We should be encouraging the Saudis to embrace some important Western ideas, such as the nation-state. Democracy has little hope of taking hold in the Arab world in the near future. Capitalism, on the other hand, holds great promise. The wealthy rulers in the Gulf have long enjoyed its benefits; they should be taught to accept its responsibilities, as well. The Saudis (and other Gulf leaders) should be encouraged to disavow their mythical positions as custodians of the great Arab resource (oil) by proclaiming their own national mineral rights. They should also be pushed to call for an end to terrorism and a need for long-term regional stability.
The United States should encourage the Saudis to join the Camp David accords. Current political reality makes the Saudis and the Israelis natural allies. Recent Saudi statements about the danger of a well-armed Iraq and the affirmation of Palestinian rights without an acceptance of the PLO’s leadership, all mirror long-held Israeli positions.
A peace process begun along these lines would help the Saudis, the Israelis, the Egyptians, the United States, and all Palestinian Arabs willing to live in peace with Israel. It would hurt Iraq, the PLO, and their radical followers. There is no rational reason for the exclusion of Israel from the anti-Iraq coalition. Israel’s exclusion is based on an ideology that is deeply rooted in the Arabs’ anti-Western myth system. If the Saudis are unwilling to negotiate with Israel during times of clear, common security concerns, no peaceful settlement can reasonably be expected.

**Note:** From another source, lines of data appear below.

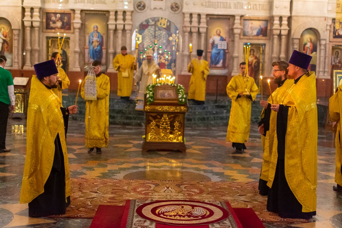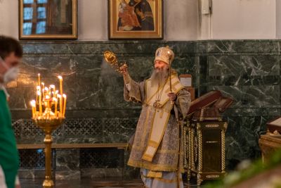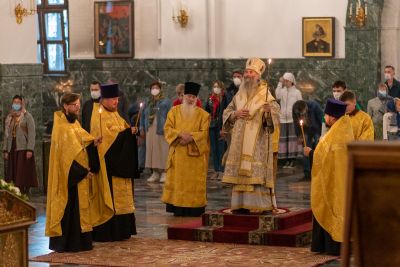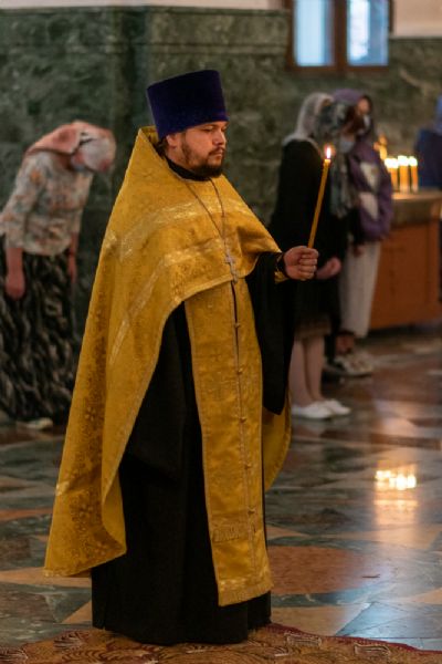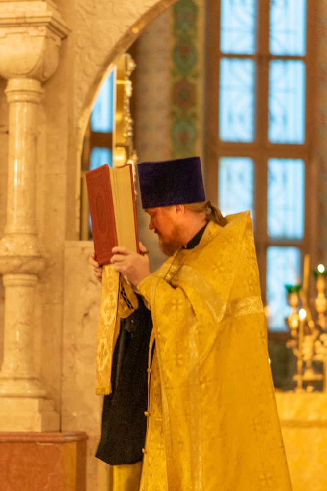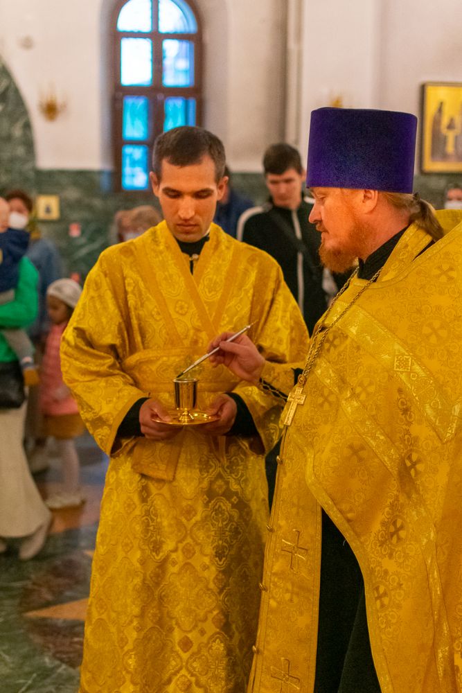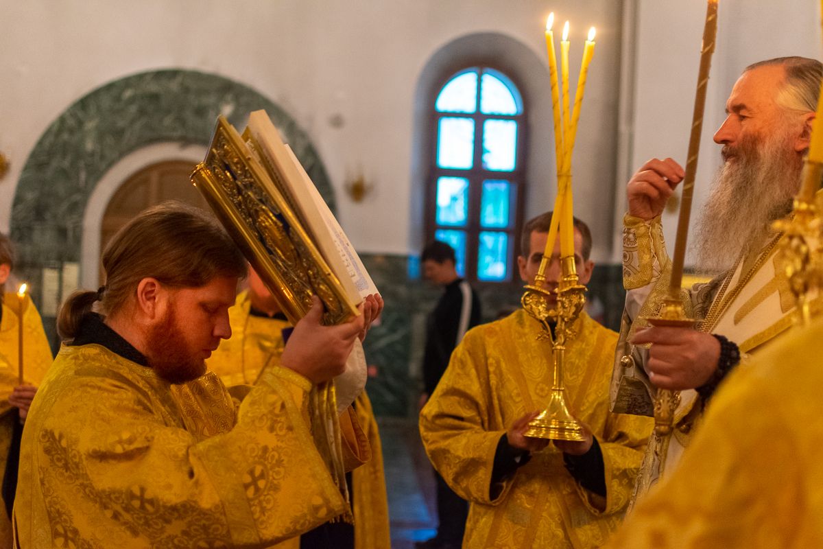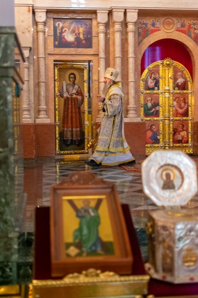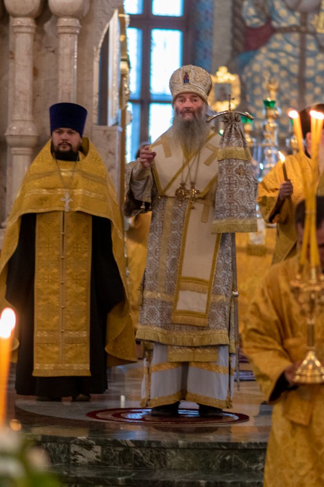 Архипастырю сослужили ключарь собора протоиерей Сергий Поглазов, клирики собора иереи Никифор Захаров, Евгений Самойлов, диаконы Андрей Дружинин, Игорь Коваль и клирик храма Рождества Пресвятой Богородицы протодиакон Михаил Козловский. Пел хор под руководством регента Надежды Поздеевой. За богослужением помогали Православные добровольцы.
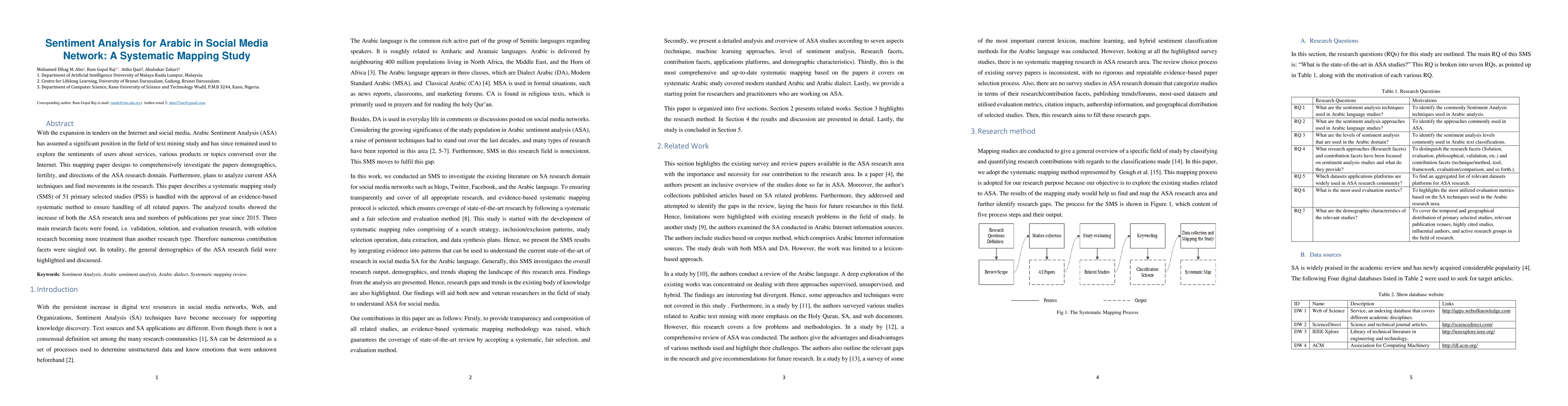 This paper conducts a systematic mapping study of Arabic Sentiment Analysis (ASA) in social media, identifying trends and key research areas from 51 selected studies. The findings highlight an increasing publication rate since 2015, with solution research being the most prevalent, followed by validation and evaluation research.
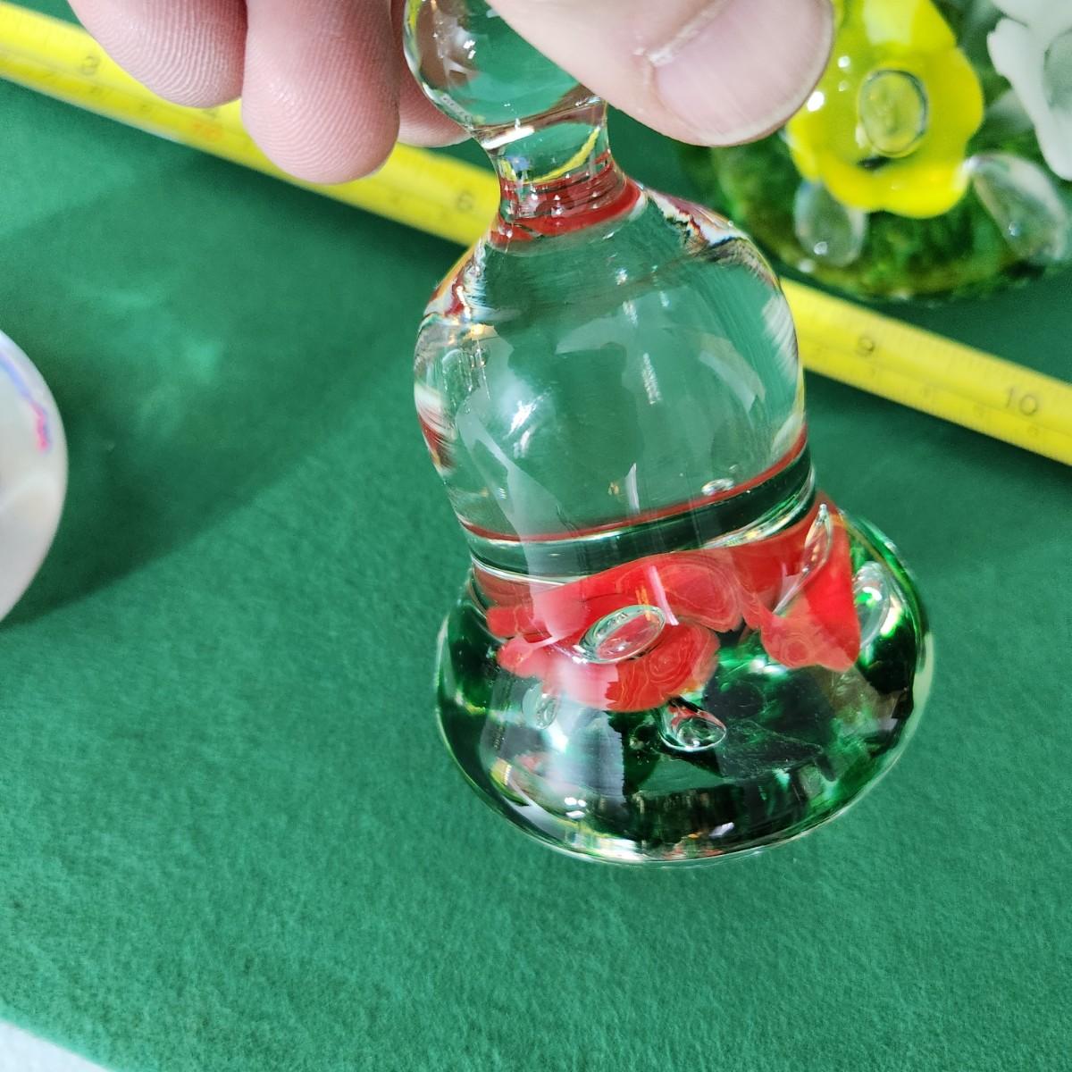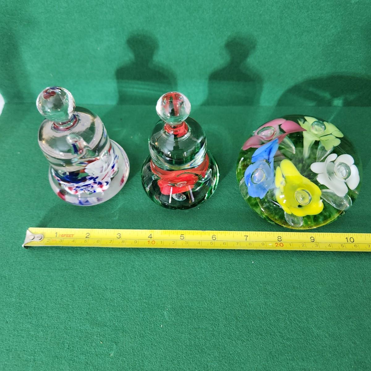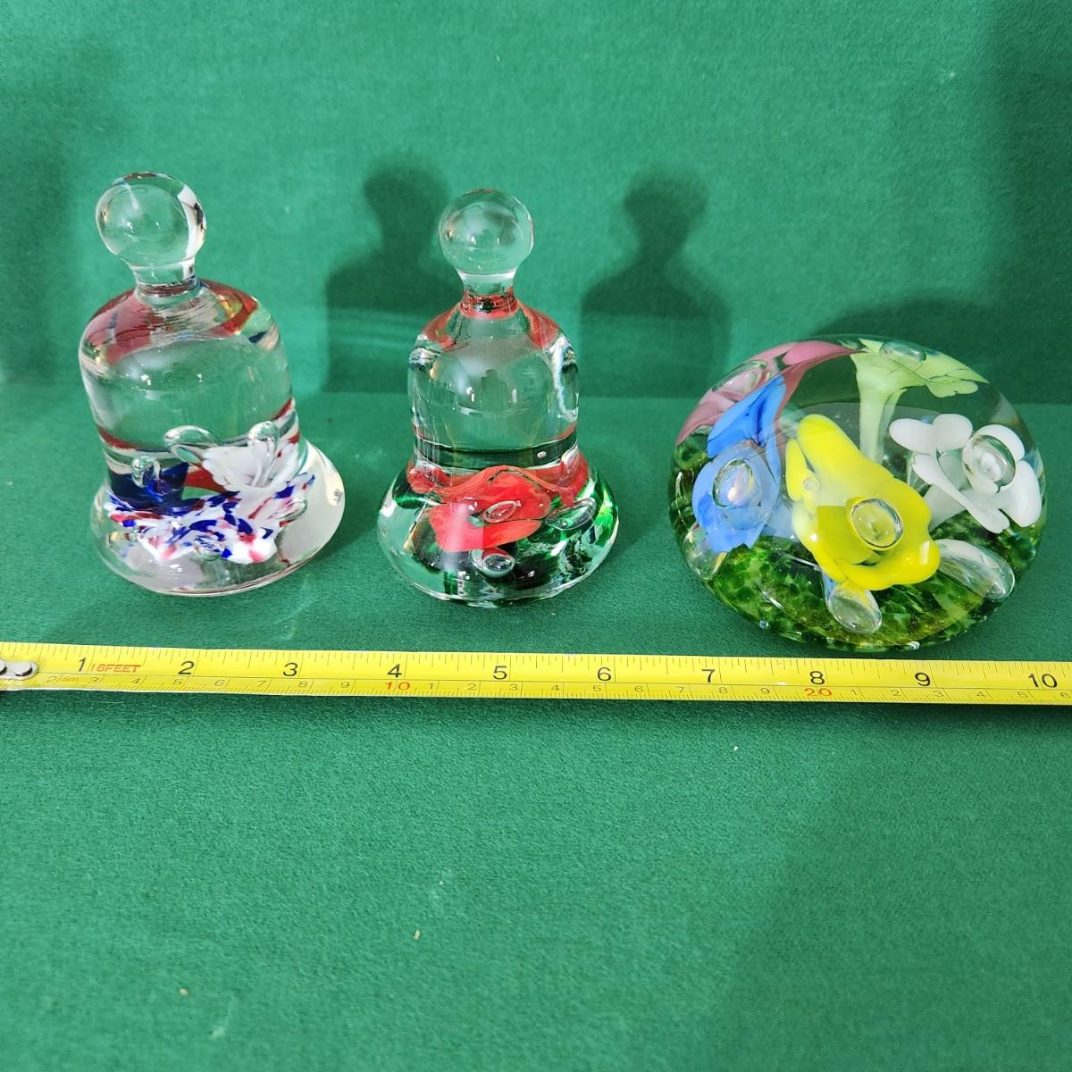 3 Vintage Joe St. Clair Art Glass Flowers Bells & Paperweight

The rest of the world should be as eager to embrace newly realistic Arab nations as they were to welcome Eastern Europe. The conditions for acceptance, however, must be absolute: a renunciation of anti-Western mythology, and a demonstrated commitment to peace, security, regional stability, and economic integration. If several Arab states accept these terms, history will record our current actions in the Gulf as a major success. If, on the other hand, we allow our Arab allies to cling to their myths and their hatred, we are simply wasting American time, money, and lives. The Arab world will remain unstable, bloody, and hopelessly biased against the West. The choice, however, is not ours; it must be made by the Saudis. The best that we can do is point them in the right direction.